Upon his discharge in February 1919, Douglas returned to Jerome, Arizona, where he renewed his acquaintance with Margaret "Peggy" Zinsser, with whom he soon fell in love. The following year he taught at Amherst (where he worked as a teaching assistant to Ernest Barker and R. H. Tawney) and Hackley School. After marrying Peggy on June 18, 1921, the young couple moved to Jerome, where Lewis took a job at his father's United Verde Extension mine.
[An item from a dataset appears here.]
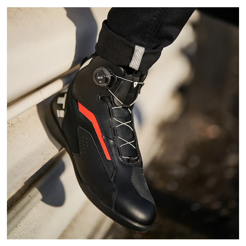 You can trace every panel, stitch, and seam of the all-new Revit Jetspeed Pro shoes back to the track. The racing pedigree is underlined by the shoes’ aerodynamic profile and bold REV’IT! graphics at the heel. To seal the deal, the BOA® Fit System allows micro-adjustment (push in to engage, twist to tighten, and pull up for fast release), for achieving the right fit in moments, even when you’ve got your gloves on.

In the summer of 1922, Douglas agreed to run as a candidate for one of the Jerome area's seats in the Arizona State House of Representatives. Though lacking political experience, his wealth, family name, and record of war service were decisive factors in his favor, as he won both a contested primary and the subsequent general election. Douglas served a single two-year term in the state legislature. A conservative Democrat, Douglas advocated fiscal responsibility and opposed labor legislation. He also objected to the recently signed Colorado River Compact, and proposed an amendment empowering the state to tax electricity produced within its borders.

Though some newspapers anticipated that he would seek election to the state senate in 1924, Douglas declined to run for any public office, pursuing a number of business ventures instead. When Carl Hayden, Arizona's lone Congressman, announced that he would challenge the state's incumbent junior senator, Ralph H. Cameron, in 1926, Douglas decided to enter the race to succeed Hayden. Once again benefiting from his family's wealth, name recognition and war record, and enjoying the support of the state's Democratic press, he easily bested five rivals for the Democratic nomination before defeating his Republican challenger in the general election by nearly 20,000 votes.

Douglas served as Arizona's Congressman from the 70th through the 73rd Congress. He sat on the Committee on Irrigation and Reclamation and the Committee on Public Lands, and got along well with most of his colleagues. Though a Democrat, he often voted with Republicans and gained a reputation as a man of principle. During the Great Depression he adhered to the economic orthodoxy of his time, arguing that low tariffs and a balanced federal budget were essential requirements for an economic recovery. Douglas was also an opponent of the bonus bill sought by unemployed veterans, and he was attacked harshly as a result of his position on it.